# Required action
Please copy exactly the lines from the first in the records through the line that contains "I find this", but not the pictures.

# Exercise materials
+++++

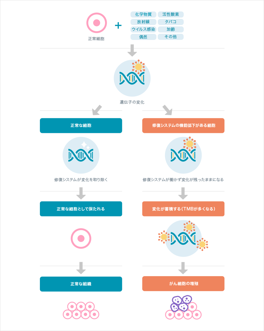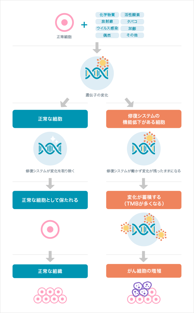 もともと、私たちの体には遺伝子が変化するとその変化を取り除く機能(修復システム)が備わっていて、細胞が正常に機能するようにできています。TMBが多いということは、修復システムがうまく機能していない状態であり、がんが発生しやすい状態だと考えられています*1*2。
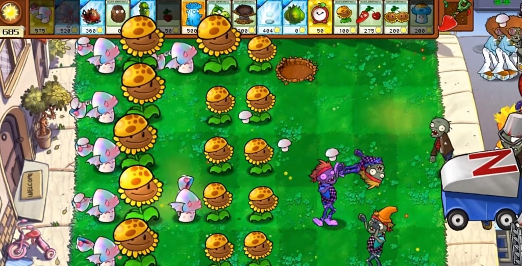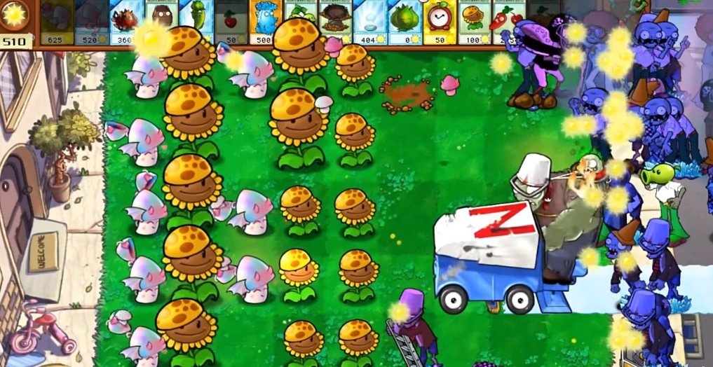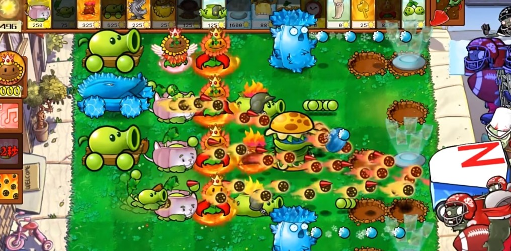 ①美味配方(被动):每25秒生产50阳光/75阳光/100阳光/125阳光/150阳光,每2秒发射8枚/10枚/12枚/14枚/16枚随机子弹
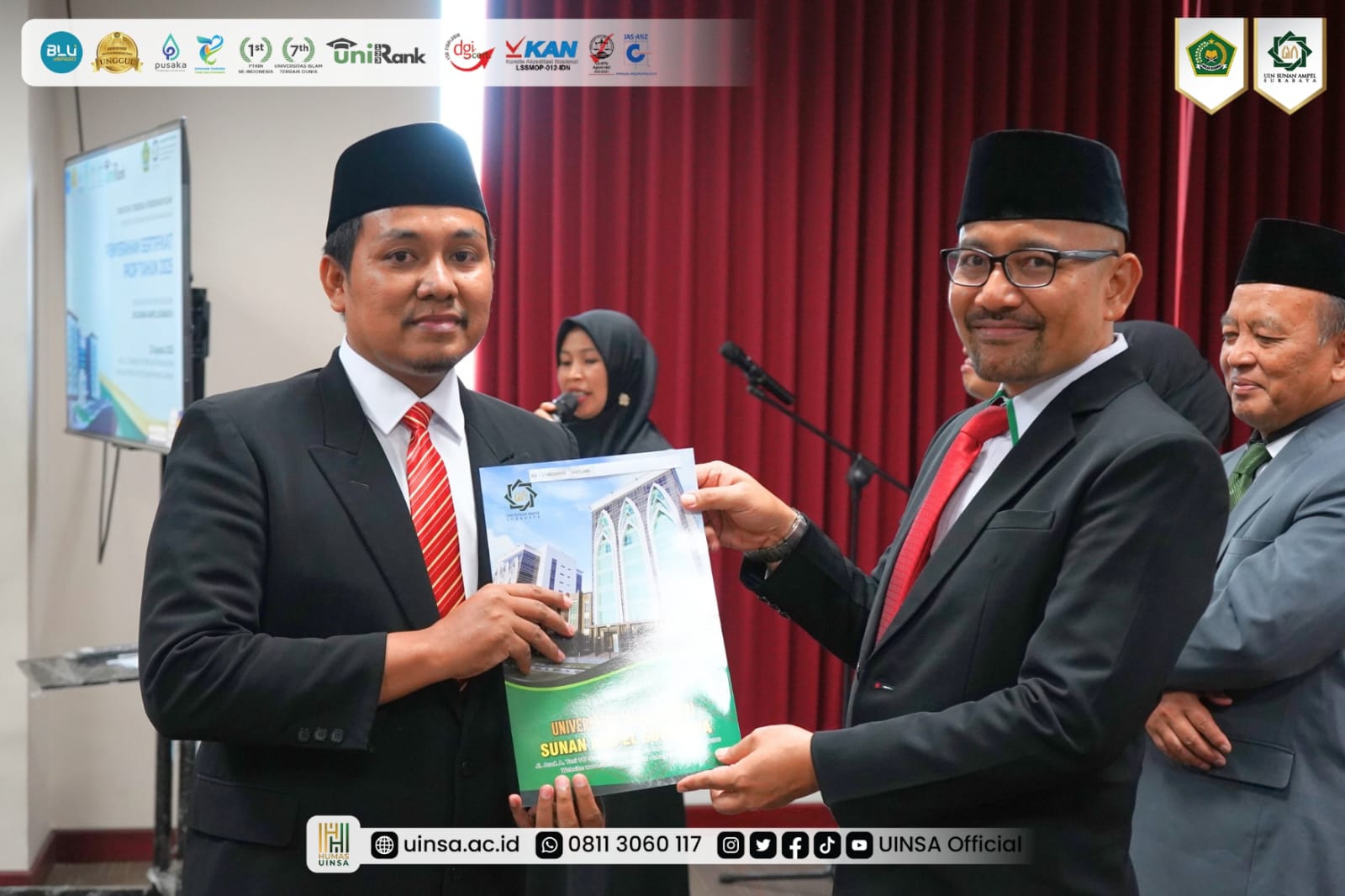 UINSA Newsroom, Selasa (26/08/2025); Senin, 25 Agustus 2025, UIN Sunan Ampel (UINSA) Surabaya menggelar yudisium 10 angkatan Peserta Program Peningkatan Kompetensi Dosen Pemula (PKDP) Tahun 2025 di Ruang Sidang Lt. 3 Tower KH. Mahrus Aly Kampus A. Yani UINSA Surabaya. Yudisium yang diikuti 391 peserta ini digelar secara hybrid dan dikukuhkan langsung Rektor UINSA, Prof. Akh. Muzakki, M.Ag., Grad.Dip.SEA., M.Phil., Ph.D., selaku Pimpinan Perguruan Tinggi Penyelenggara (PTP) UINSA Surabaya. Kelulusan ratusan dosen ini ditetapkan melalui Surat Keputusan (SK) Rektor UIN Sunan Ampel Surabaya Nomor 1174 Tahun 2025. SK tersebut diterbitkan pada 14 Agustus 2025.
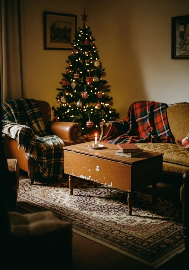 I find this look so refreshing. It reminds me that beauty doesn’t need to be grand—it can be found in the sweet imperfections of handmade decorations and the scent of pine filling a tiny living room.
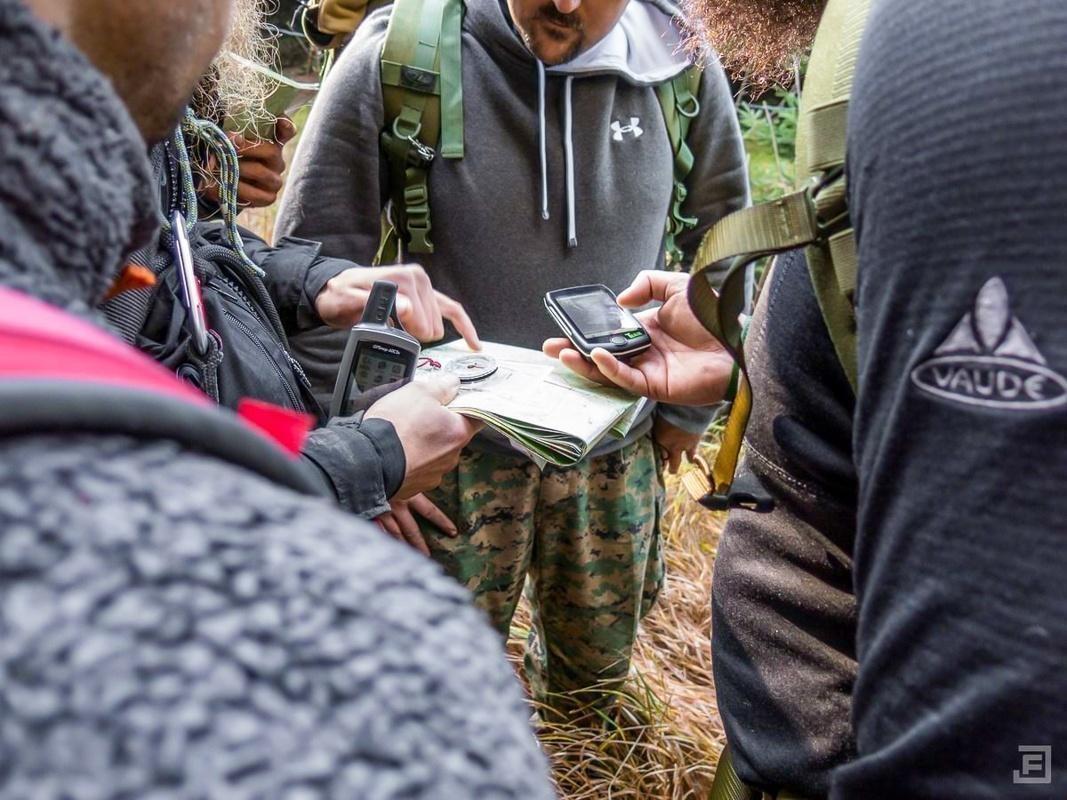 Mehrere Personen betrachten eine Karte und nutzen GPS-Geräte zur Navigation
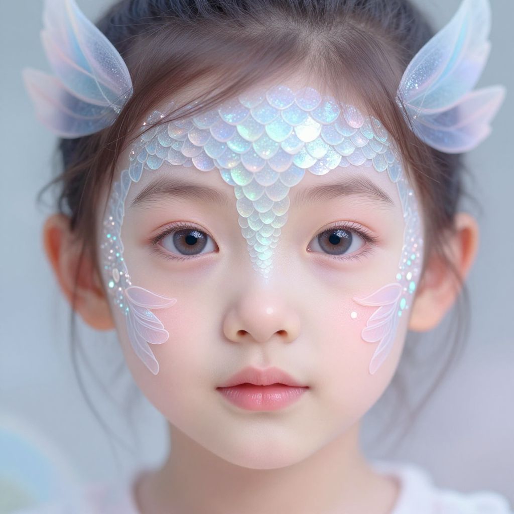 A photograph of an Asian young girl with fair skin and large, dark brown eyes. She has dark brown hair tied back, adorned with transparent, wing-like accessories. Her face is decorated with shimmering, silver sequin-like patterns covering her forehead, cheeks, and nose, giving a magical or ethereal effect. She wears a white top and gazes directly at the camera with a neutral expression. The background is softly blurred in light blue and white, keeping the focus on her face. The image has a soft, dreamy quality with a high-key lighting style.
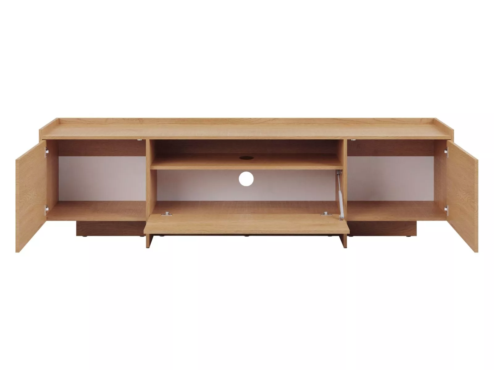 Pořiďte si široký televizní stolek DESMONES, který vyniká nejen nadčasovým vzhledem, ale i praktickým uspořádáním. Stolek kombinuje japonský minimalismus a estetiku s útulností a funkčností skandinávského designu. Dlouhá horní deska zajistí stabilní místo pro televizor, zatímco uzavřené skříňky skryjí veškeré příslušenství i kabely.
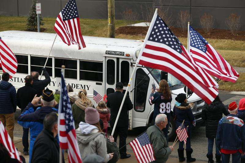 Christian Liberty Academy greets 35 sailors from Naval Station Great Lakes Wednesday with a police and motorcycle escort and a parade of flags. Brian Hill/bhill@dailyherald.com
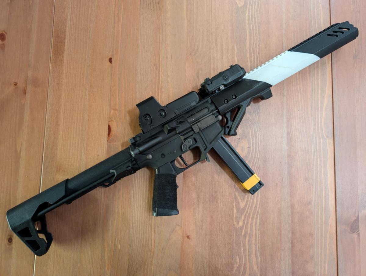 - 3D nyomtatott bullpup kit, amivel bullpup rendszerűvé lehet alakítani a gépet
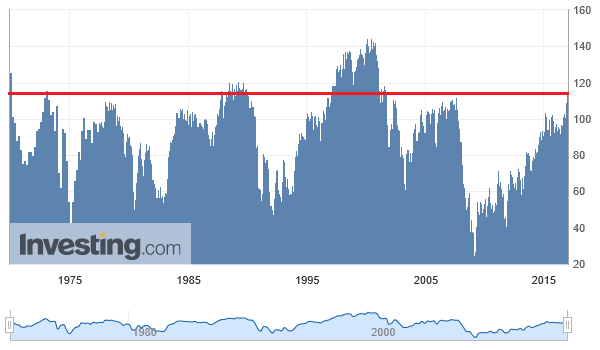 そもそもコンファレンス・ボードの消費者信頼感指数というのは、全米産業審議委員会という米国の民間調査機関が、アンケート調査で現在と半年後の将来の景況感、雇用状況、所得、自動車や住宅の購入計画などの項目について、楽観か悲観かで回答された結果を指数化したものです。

+++++

# Response below
 もともと、私たちの体には遺伝子が変化するとその変化を取り除く機能(修復システム)が備わっていて、細胞が正常に機能するようにできています。TMBが多いということは、修復システムがうまく機能していない状態であり、がんが発生しやすい状態だと考えられています*1*2。
 ①美味配方(被动):每25秒生产50阳光/75阳光/100阳光/125阳光/150阳光,每2秒发射8枚/10枚/12枚/14枚/16枚随机子弹
 UINSA Newsroom, Selasa (26/08/2025); Senin, 25 Agustus 2025, UIN Sunan Ampel (UINSA) Surabaya menggelar yudisium 10 angkatan Peserta Program Peningkatan Kompetensi Dosen Pemula (PKDP) Tahun 2025 di Ruang Sidang Lt. 3 Tower KH. Mahrus Aly Kampus A. Yani UINSA Surabaya. Yudisium yang diikuti 391 peserta ini digelar secara hybrid dan dikukuhkan langsung Rektor UINSA, Prof. Akh. Muzakki, M.Ag., Grad.Dip.SEA., M.Phil., Ph.D., selaku Pimpinan Perguruan Tinggi Penyelenggara (PTP) UINSA Surabaya. Kelulusan ratusan dosen ini ditetapkan melalui Surat Keputusan (SK) Rektor UIN Sunan Ampel Surabaya Nomor 1174 Tahun 2025. SK tersebut diterbitkan pada 14 Agustus 2025.
 I find this look so refreshing. It reminds me that beauty doesn’t need to be grand—it can be found in the sweet imperfections of handmade decorations and the scent of pine filling a tiny living room.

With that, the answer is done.